UN Declaration on the Rights of Peasants

February 24, 2021

Geneviève Savigny, Jessie MacInnis, Nadia Lambek, Dr. Annette Aurélie Desmarais

On Feb. 24, 2021, the Centre for Human Rights Research presented a panel on the “UN Declaration on the Rights of Peasants: What it Means for Canada” with a focus on:

  • Why is UNDROP necessary? (Geneviève Savigny, La Vía Campesina’s Peasant Rights Collective, Confédération Paysanne, France)
  • What Does UNDROP Mean for Canada? (Jessie MacInnis, La Vía Campesina’s Peasant Rights Collective, National Farmers Union)
  • The Rights of Migrant Farm Workers in Canada (Nadia Lambek, human rights lawyer & chair, Canadian Association for Food Law and Policy)

The United Nations Declaration on the Rights of Peasants (UNDROP) provides a framework for transforming “the corporate-led industrial system to a more socially just and ecologically sustainable food system,” according to University of Manitoba Prof. Annette Desmarais. She chaired an online panel discussion Feb. 24, 2021, about what the relatively new document might mean for Canada.

People of the land

UNDROP defines a peasant as “any person who engages or who seeks to engage alone, or in association with others or as a community, in small-scale agricultural production for subsistence and/or for the market, and who relies significantly, though not necessarily exclusively, on family or household labour and other non-monetized ways of organizing labour, and who has a special dependency on and attachment to the land.”

History of UNDROP

Early negotiations around developing international instruments to support farmers and peasants began at the turn of the 21st century.

Geneviève Savigny, a leading member in La Vía Campesina’s Peasant Rights Collective, said the 2008 food crisis helped catalyze international recognition of the importance of food security.

“In September 2012, there was a resolution passed in the United Nations Human Rights Council to establish the first Open-Ended Intergovernmental Working Group (OEIWG) to start negotiating, finalizing and to submit a draft of the declaration,” she said.

In five OEIWG sessions held between 2013 and 2018, the intended scope of the declaration was expanded to include fishermen, pastoralists, Indigenous peoples and other food producers.

The final draft of the declaration included 28 articles ranging from the rights to natural resources and development, to the rights to education and training.
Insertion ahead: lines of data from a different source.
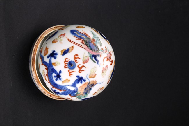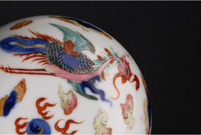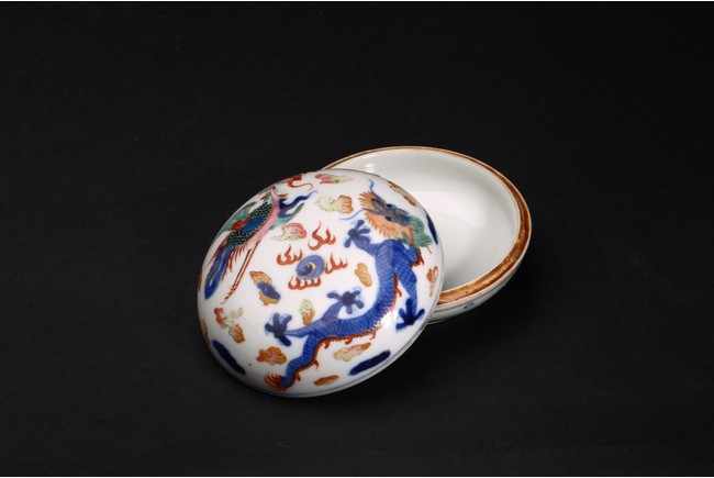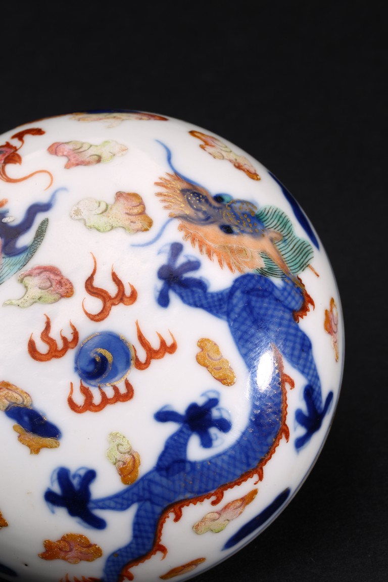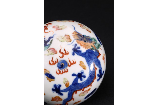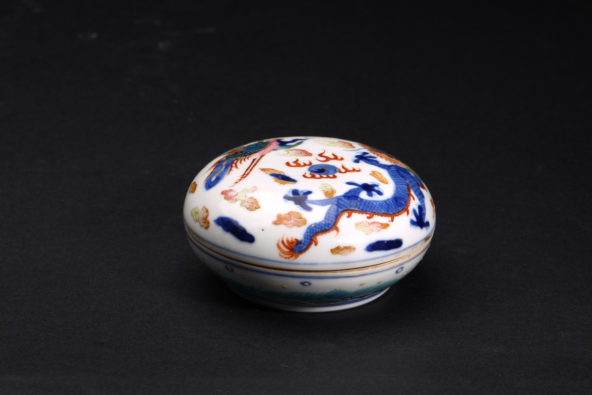 印泥盒呈扁圓形,蓋面與盒身以子母口相合。胎質潔白堅實,器身外壁繪青花加粉彩繪龍鳳紋,富麗堂皇,華美奪目,寓意龍鳳呈祥,雍容華美。整體佈局繁密,繪畫精湛,色彩鮮艷。“大清康熙年製”款識。
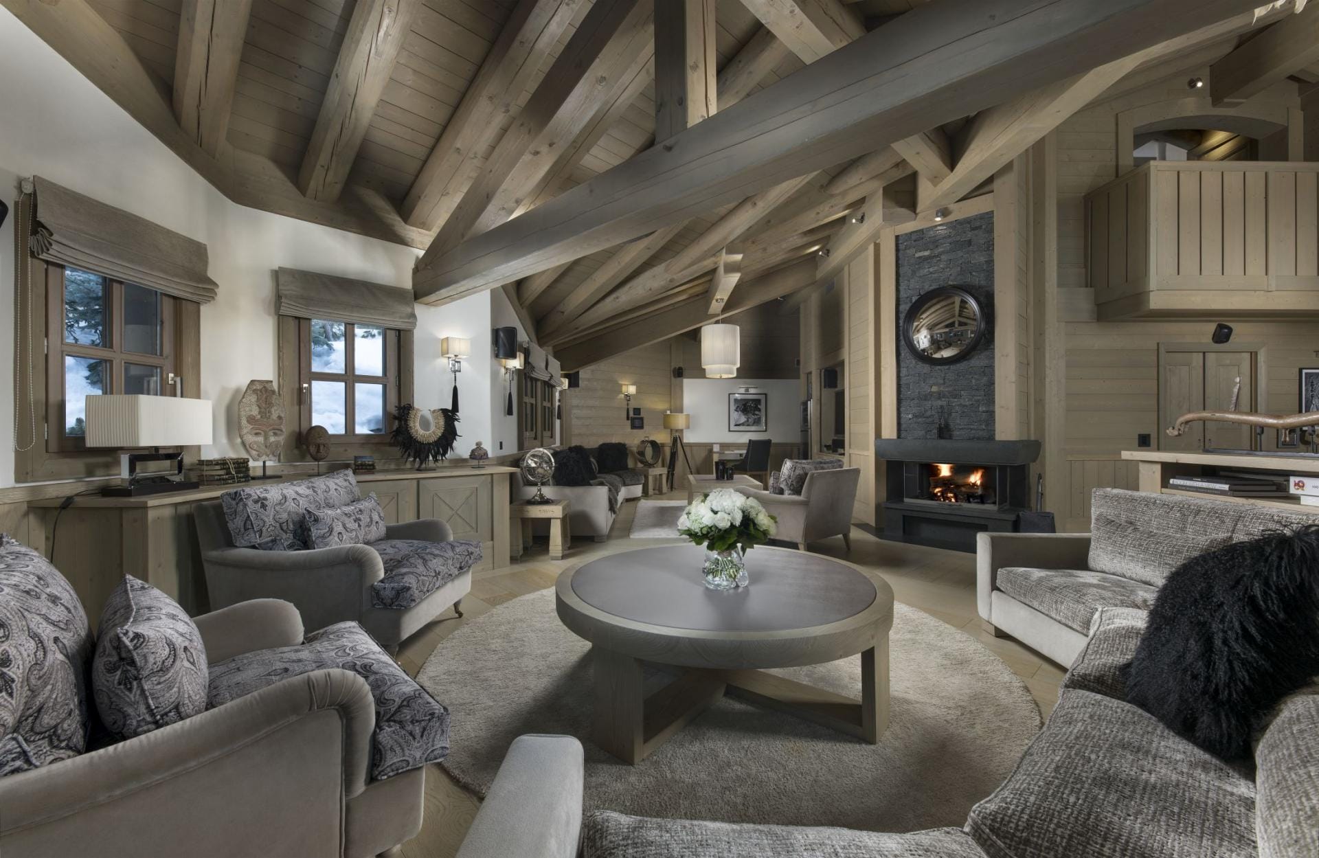 Основні житлові зони розташовані на другому рівні та вражають простором і світлом. Високі стелі з дерев’яними балками та центральний камін формують атмосферу тепла і комфорту.
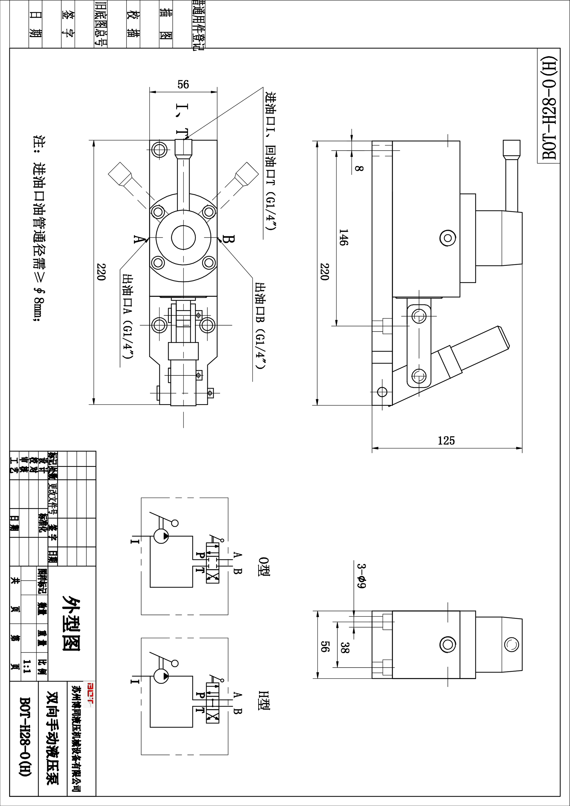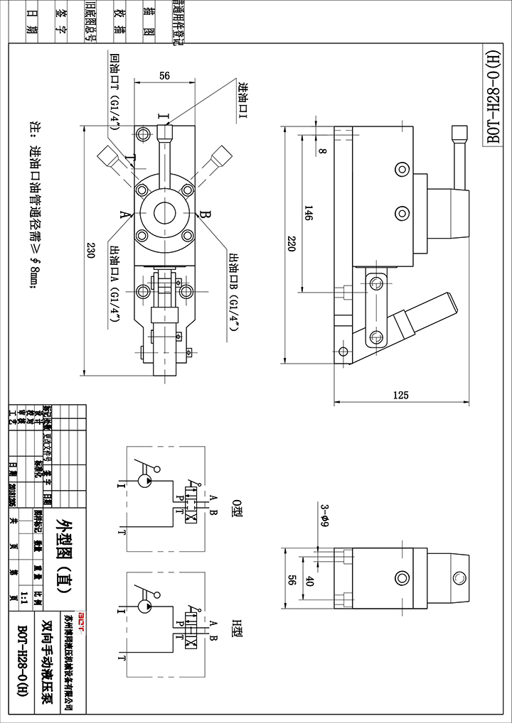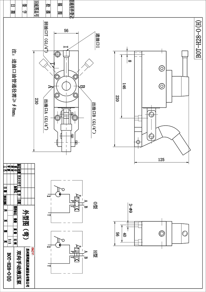 本雙向手動(dòng)液壓泵采用內(nèi)排內(nèi)泄結(jié)構(gòu)。換向集成與泵體一體,通過(guò)換向手柄轉(zhuǎn)動(dòng),可分別選擇出油A口或B口方向出油打壓,通過(guò)進(jìn)油口(回油口)吸油和回油,進(jìn)出油接口分別是G1/4;

It passed in the UN General Assembly Dec. 18, 2018.

Canada abstained from the vote.

UNDROP in Canada

The Canadian constitution divides jurisdiction over work on farms between the federal and provincial governments.

Nadia Lambek, chair of the Canadian Association for Food Law and Policy, said provincial employment standards legislation excludes farm workers. This means there are no maximum hours of work, no legislated rest periods and no minimum wage.

“An employer can have an employee work for 14 days straight without any overtime and without any public holidays,” she said.

In 2011, the Supreme of Canada ruled that farm workers do not have the right to unionize and bargain collectively.

Although Canada abstained from the declaration vote, National Farmers Union Youth Vice-President Jessie MacInnis said UNDROP can still be used a “legal tool for change.”

“Many of the rights violations often assumed to be closely associated with lower-income countries are actually well and alive here in Canada,” she said.

MacInnis highlighted that the movement for food sovereignty underway in Canada signals a shift from a market-based approach to agricultural policy. To steer this momentum towards reform, MacInnis suggests using the language of the declaration as a “rallying point.”

“In my opinion, the declaration is really the best holistic framework to address the rights violations that the peasant farmers and farmworkers in Canada are experiencing today,” she said.